Greenland was objectively the best option in that set. And it got rejected as absurd colonial overreach before anyone took the technical merits seriously.
That failure forced the current Plan B we’re watching develop. November 2025 brings the orbital announcements: Google planning data centers launching by 2027, China announcing a competing constellation within a month, Bezos confirming Blue Origin’s plans, Schmidt revealing that his Relativity Space acquisition was specifically for this kind of orbital infrastructure development. They’re taking computing off the planet entirely because the best terrestrial location wasn’t politically available when it mattered. Now the baseline plan involves putting servers hundreds of kilometers overhead instead of on the Arctic coast.
What space reveals about ice
I only realized the connection watching the orbital data center announcements roll out in November 2025.
Six separate companies: Google, China’s state apparatus, Bezos, Schmidt, Musk: all declaring the same infrastructure strategy within the span of a few weeks. That timing signals desperation, not some grand coordination. When Plan A fails, Plan B emerges fast and everyone reaches for it simultaneously.

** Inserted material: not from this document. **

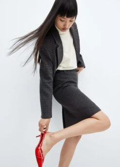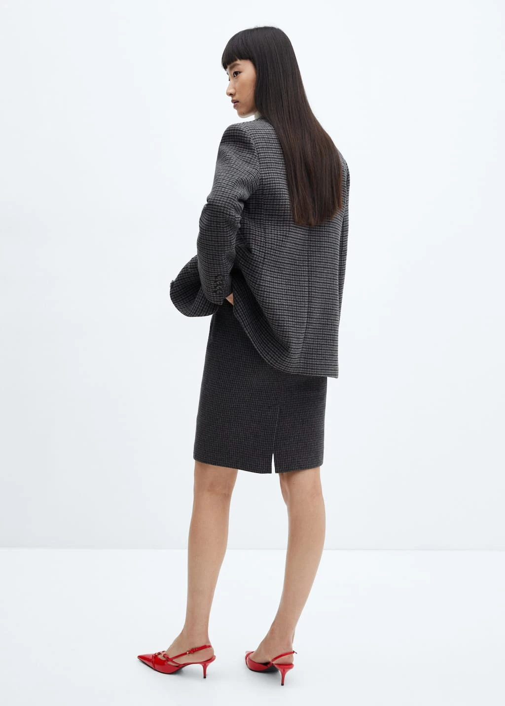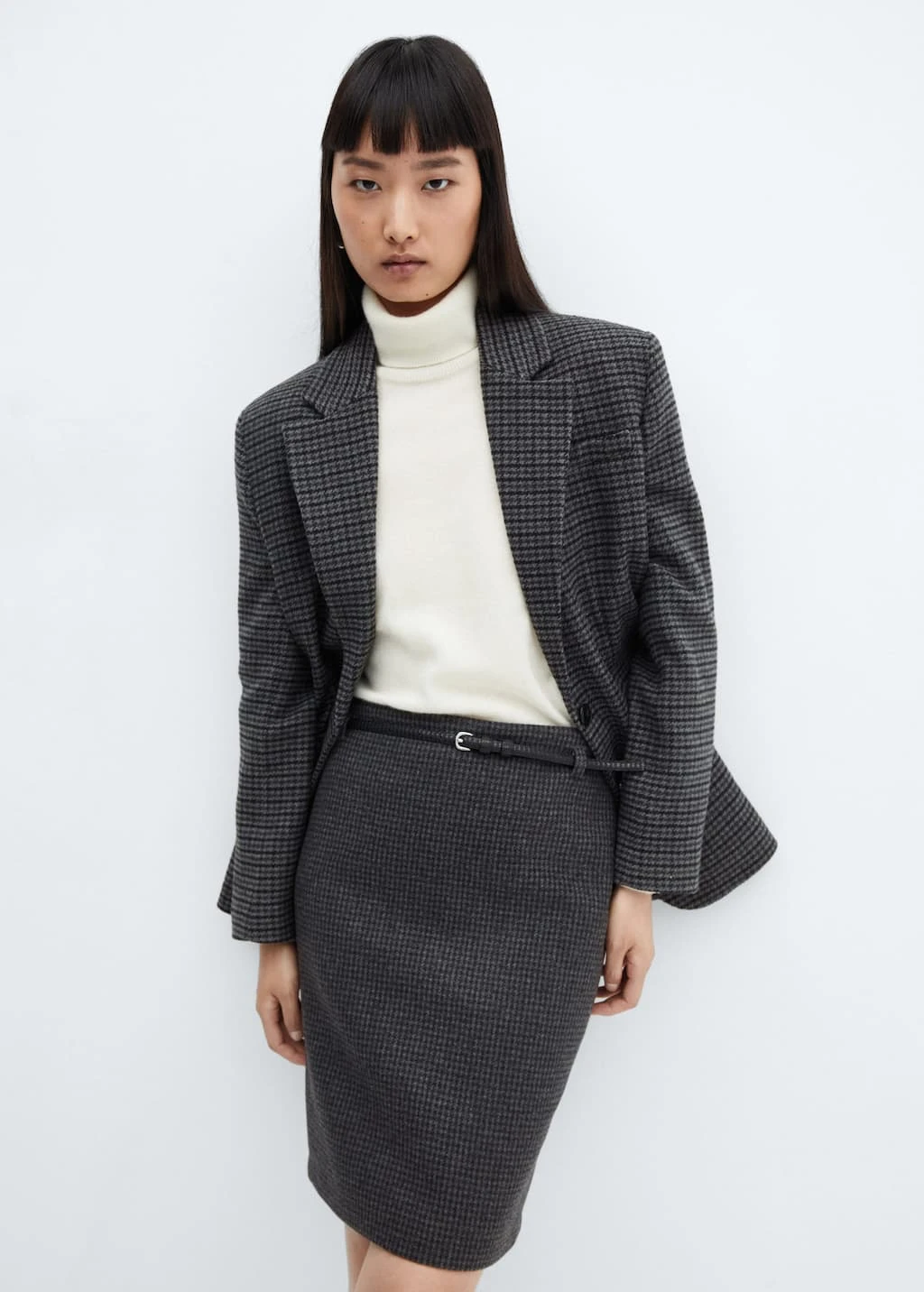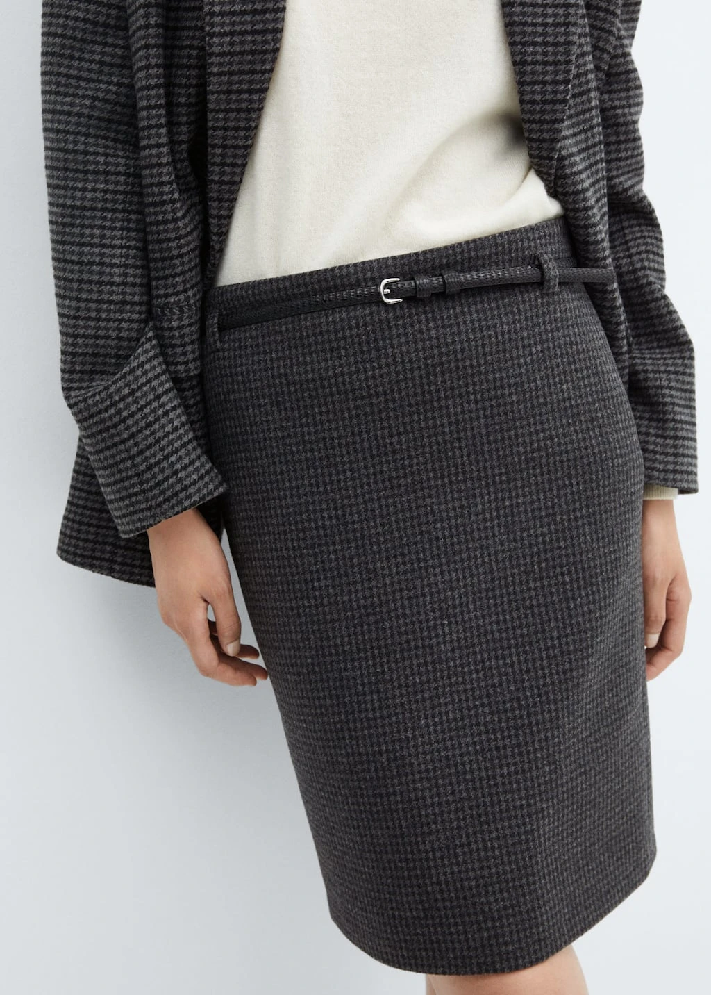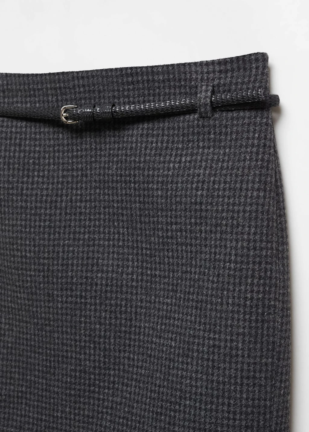 tissu de laine melange, coupe midi, crayon, coupe droite, imprime pied-de-poule, taille basse, fermeture arriere, ceinture amovible, passants pour la ceinture, doublureComposition: 68% laine,18% polyester,8% polyamide,5% acrylique,1% coton. Doublure: 96% polyester,4% elasthanne

If the Greenland acquisition had worked, none of the orbital plans would be necessary. You’d have conventional construction using proven techniques instead of launching rockets, established hydropower infrastructure instead of experimental solar arrays in orbit, free atmospheric cooling instead of radiative heat dissipation into vacuum. But the political window closed before the technical need became obvious. Denmark refused, Greenland refused, and the international mockery killed any serious discussion before it could develop.




The media coverage saw 18th-century colonialism and stopped there. Nobody asked the strategic question: why would you actually want the world’s largest island? From an infrastructure development perspective, not a territorial acquisition one, the proposal targeted the single best location on Earth for AI-scale computing. Not the rocks underneath. The ice on top.
The genius wasn’t intentional, and the mockery wasn’t wrong about the political problems. But the underlying logic was exactly right, just arriving six years before the world was ready to understand why it mattered.
More people will figure this out now. The orbital announcements make Greenland’s advantages obvious in retrospect: when building rockets and launching them into space becomes the easier path than negotiating with Denmark over Arctic infrastructure, perhaps the original negotiation starts looking more reasonable. The discussion might reopen. The physics haven’t changed, the need has only grown, and Plan B is expensive enough that Plan A starts looking smart again.